I am sensing the end.
“Child. Come closer. Closer. Closer.”
She is lifting the sateen veil off her face, and for a moment stares into the emptiness of the room with memories curling up like coils of white smoke, then drifting towards me. I catch them all. I am gliding right above her. I am imbibing her memories. I am an infant popping soap bubbles.
Her last thoughts are pulsating like concluding baritone of the tall clock, pushing into its final slow-motion ticks. I can hear her.
Time – it plays with musical notes on her faces, hops between waves onto the parched shells of her lips, toys with the crest of her wrinkles, then gyres upwards with hissing sighs.
I come. I come closer. Closer. Closer.
Until my curls become hers. Until my young body and hers become one. Her voice, her face, and that empty apathy in her eyes turns into a childish curiosity. Blooming flowers tessellate the raptured skin like a warm spring rain after a dry winter. The world is new again.
The house takes its last breath and dies. The elderly woman’s head rests on the armchair. They die together, and the speck of light slowly floats out of her chest towards me.

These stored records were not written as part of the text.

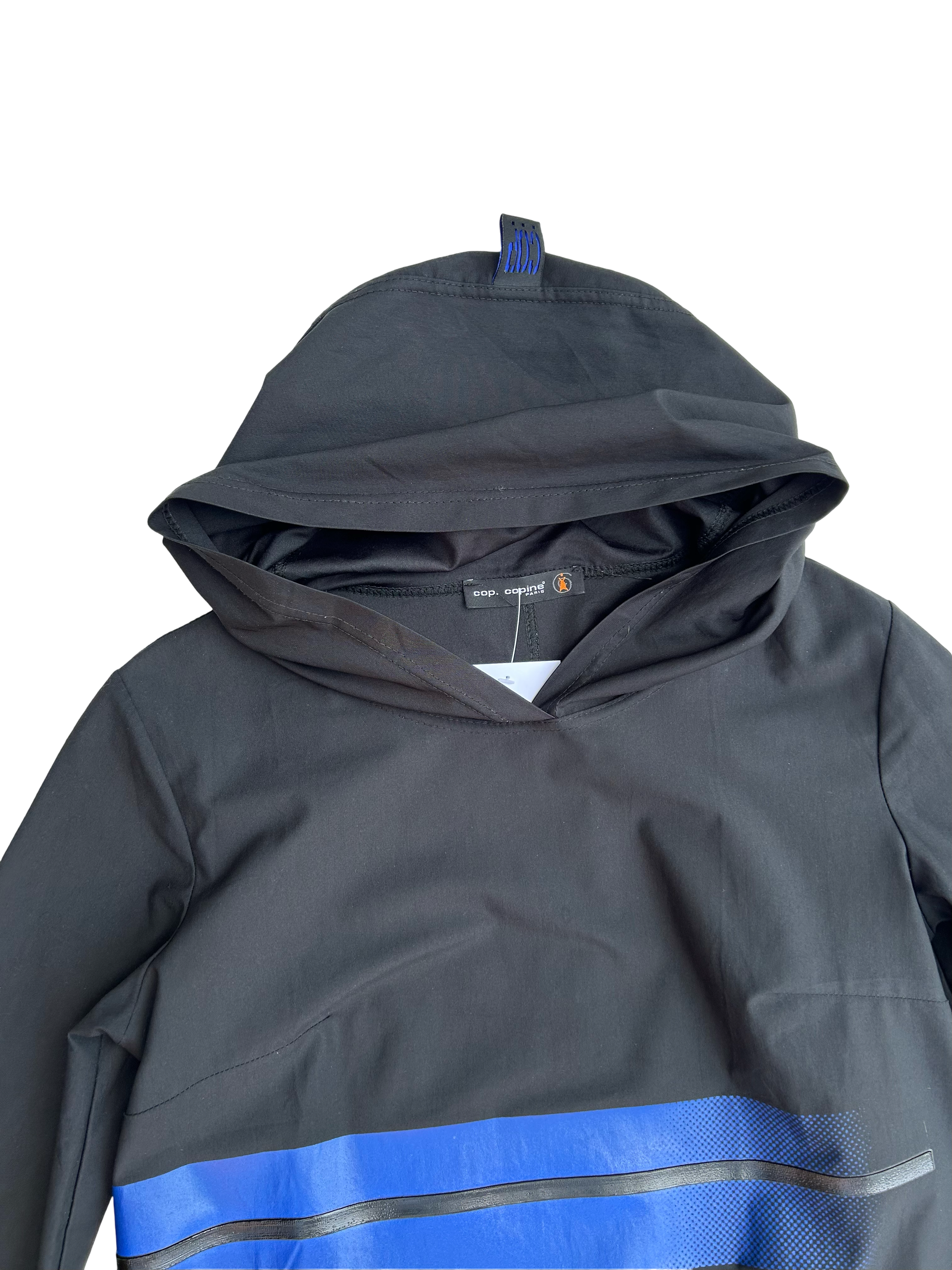 This futuristic hoodie dress from Cop. Copine is the perfect mix of sporty, comfy and sassy all in one. The dress is a knee length with small slits on side and a slight a line shape.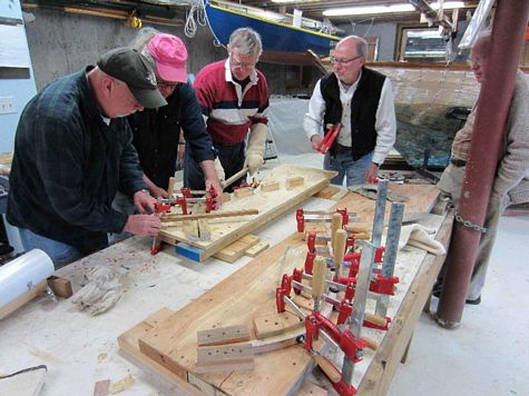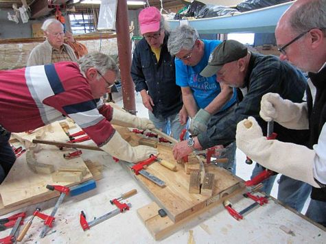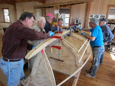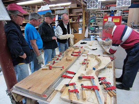 Oak rib being placed into predesigned rig by Pierce Hance and fastened into place with clamps by (right to left) Ron Ahlers, Rich Kelsey, Richie Davgin and Nick Stephens while Ray Hartjen observes.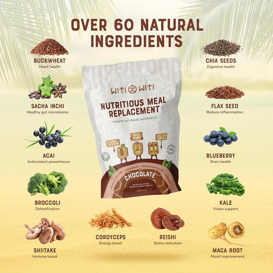 Chocolate Vegan Meal Replacement Powder with 23g Plant-Based Protein - Superfood, Greens, Prebiotics, Vitamins, Minerals - Dairy&Gluten Free - All-in-One Shake for Women & Men (15 Servings)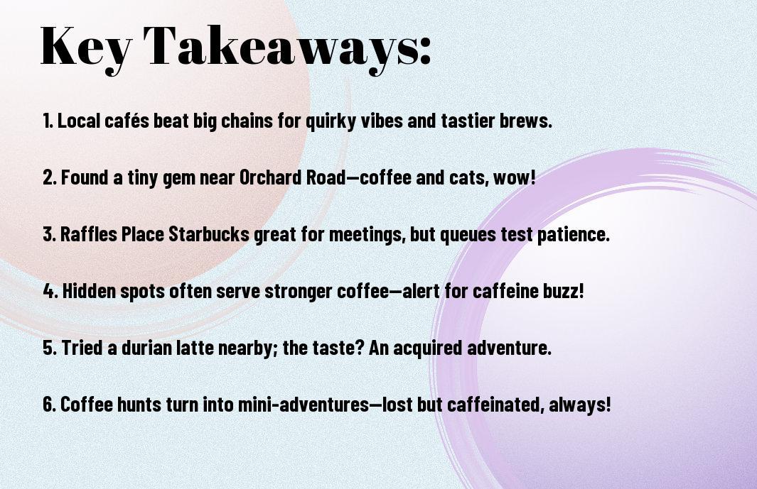 To wrap up, exploring coffee spots near me has been quite the adventure! My first sip of kopi-o at a hidden café in Tiong Bahru, which felt like a warm hug on a rainy day, is a fond memory. Let’s not even discuss the moment when I mistaken a herbal tea for a high-end coffee, causing my taste buds to become extremely confused! Whether it’s the comforting familiarity of Starbucks at Orchard Road or Raffles Place, or those quirky little gems tucked away, each cup tells a story. So, gear up and go on your coffee quest – who knows what you’ll discover!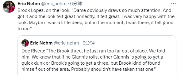 里弗斯谈到了大洛佩兹最后时刻的三分出手,当时雄鹿队95-98落后3分,大洛佩兹三分不中。里弗斯表示:“他跑得太远了,我们事先的布置是打挡拆,要么字母哥顺下扣篮,要么大洛佩兹拉到外线投三分,但大洛佩兹接球的位置离三分线太远了,也许他不应该投那个球。”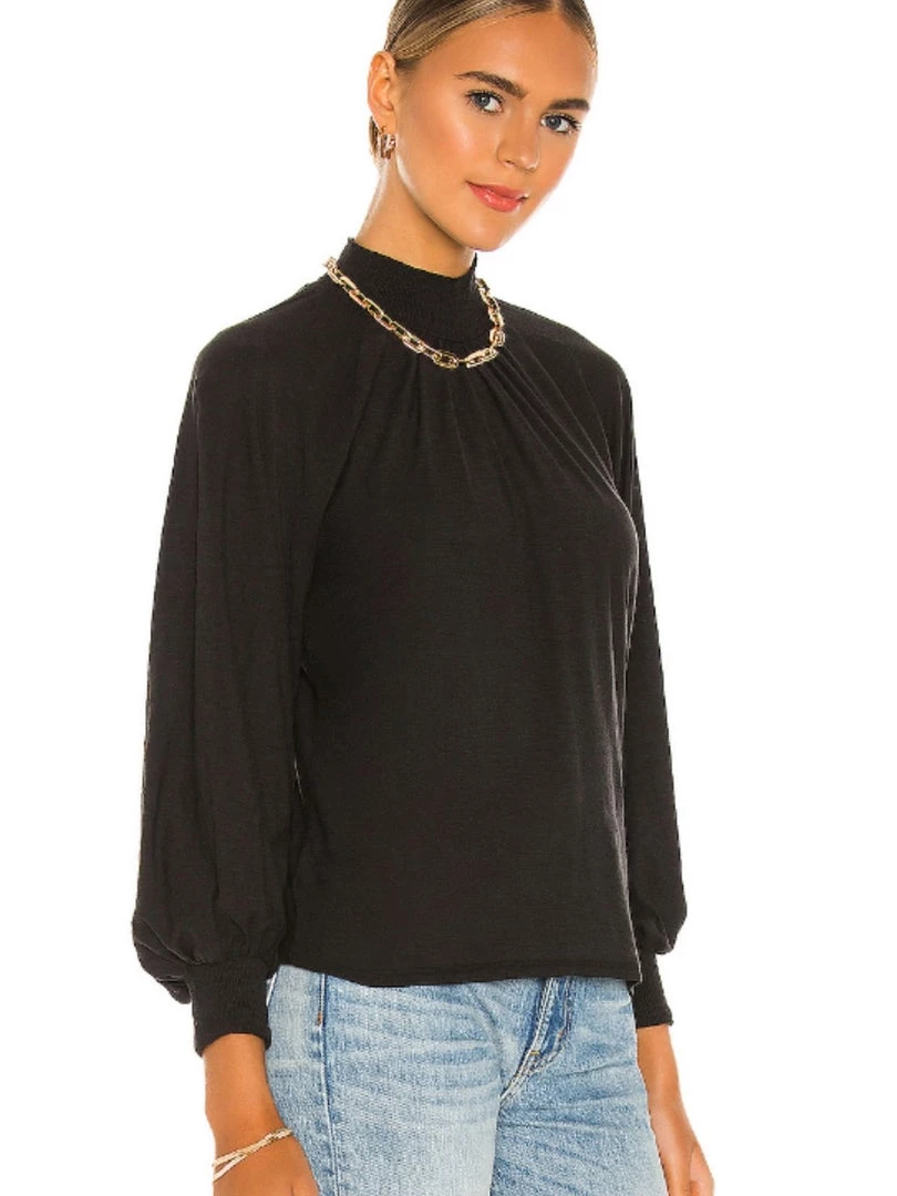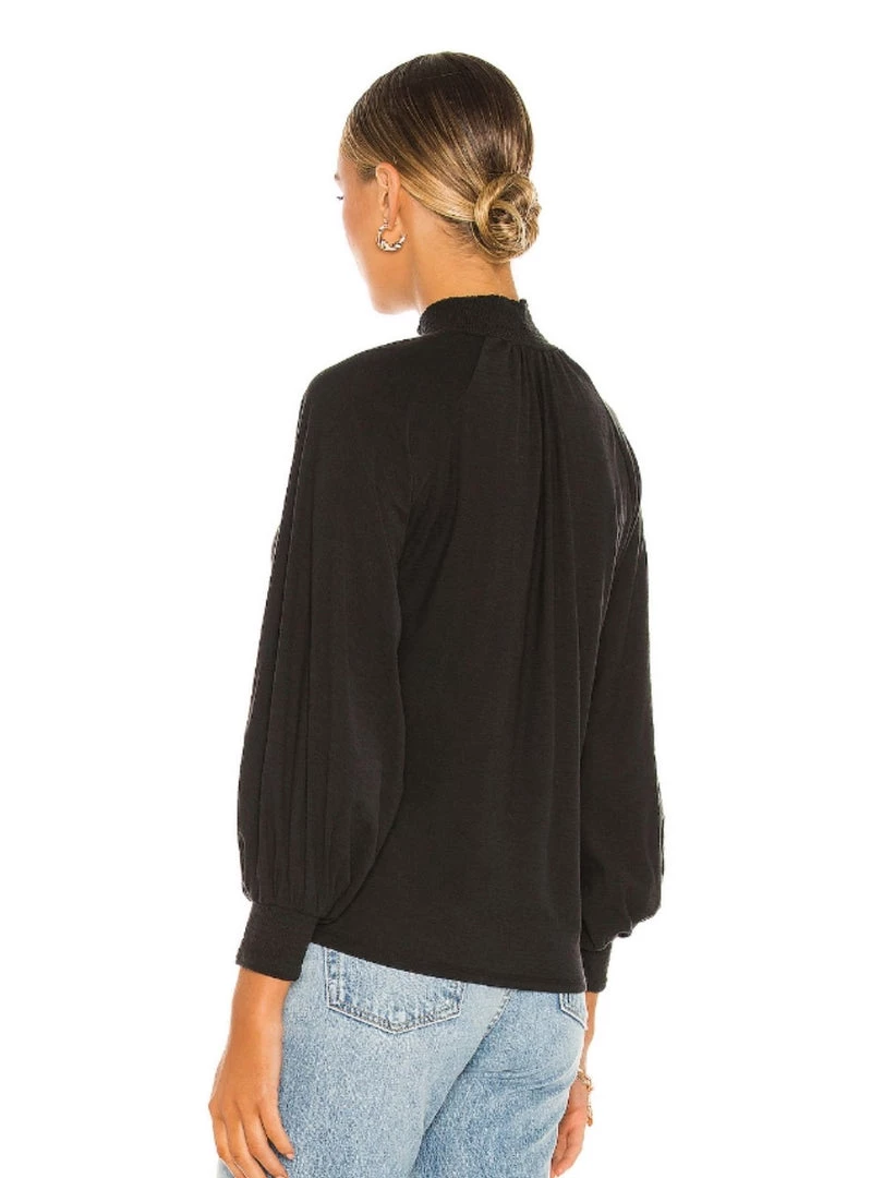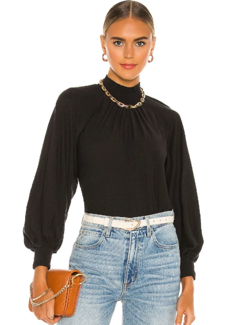 This peasant style tee with its high neck and tall smocked cuffs is the definition of 70s sexy. Bracelet length sleeves.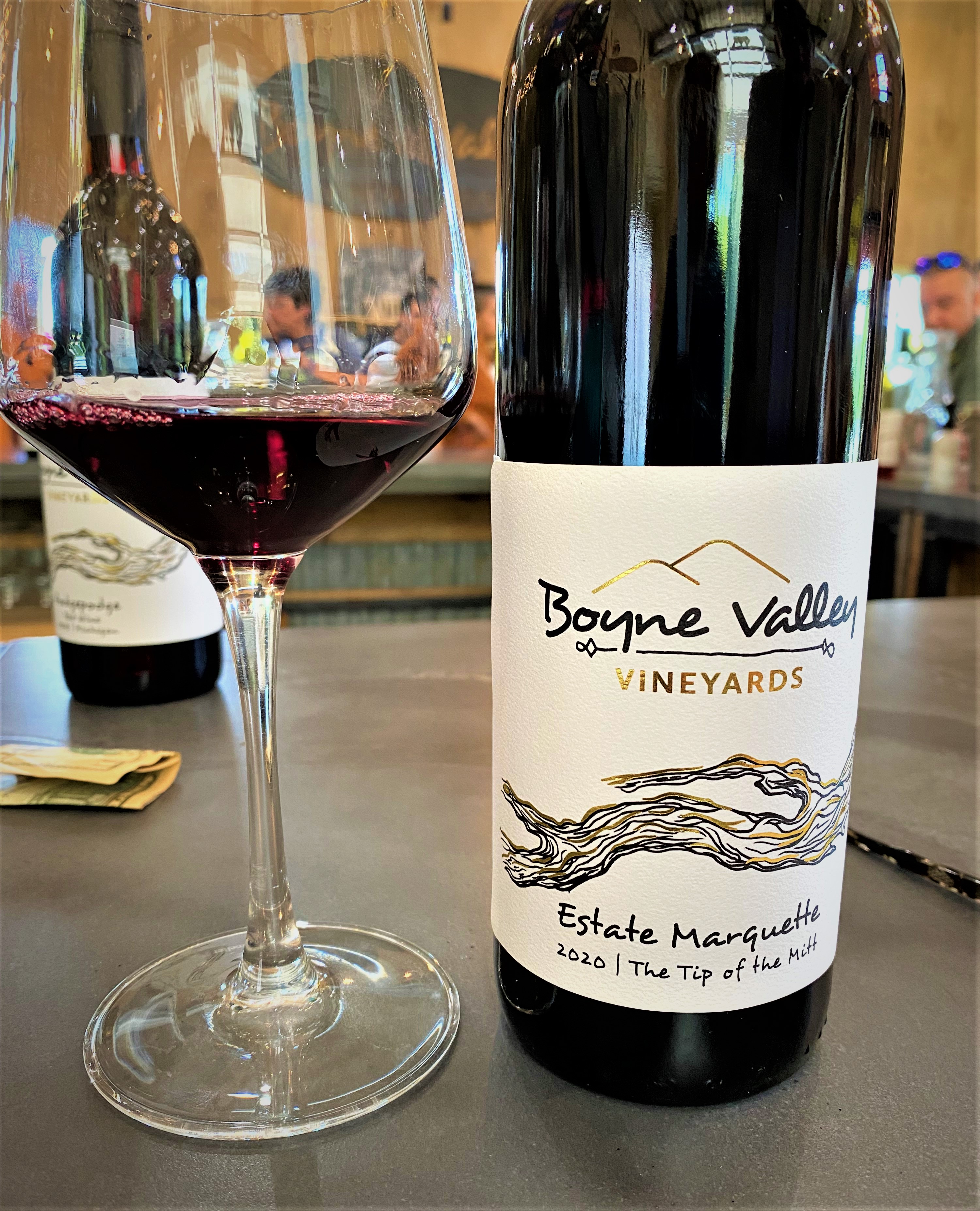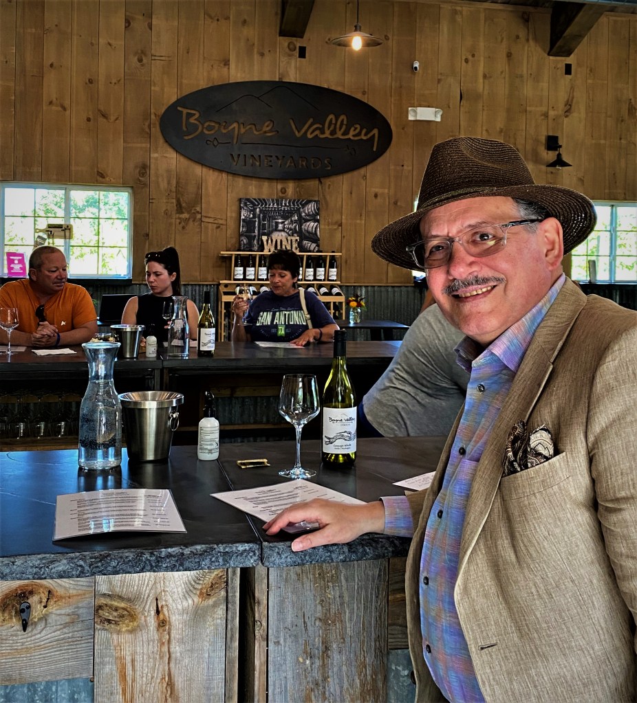 We enjoyed two red wines while we were at the winery. The first was Boyne Valley Vineyards Hodgepodge Red Wine Michigan AVA 2018. This wine is a blend of Petite Perle, Cabernet Franc, Cabernet Sauvignon, Marquette, Shiraz and Merlot; these varietals were from three different Michigan AVA regions, The Tip of the Mitt AVA, Traverse CityAVA and Lake Michigan Shore AVA. The wine was aged for two years in oak. An interesting wine that offered notes of blackberry and plum, with light tannins and a medium finish. The final wine of the tasting was their Estate Marquette The Tip of the Mitt AVA 2020 and was aged for three months in oak. This wine offered notes of Black Cherry, Currants and Blackberries with a medium body and a medium finish. We had an enjoyable visit and they helped us decide on our last dinner while in the Petoskey area.

I reach out, and I catch it. The speck of light – the same one that you, the intruder, saw moments ago behind the gate. The same light that ignited your curiosity and made you climb over the gates through the misty garden, down the forking path to the staircase upstairs to the apartment through the corridor to this very room. Only to find nothing in here.
By then I will be already gone. I will have already bid my farewell to the dead house and parted with the garden and the gates and the needled Junipers and the derelict fountain.
I am outside the gates now. I stride merrily down the street to the market square on my way to the new life. I am ready to live again. I am alive.
My name is Ariadne. I am six or seven.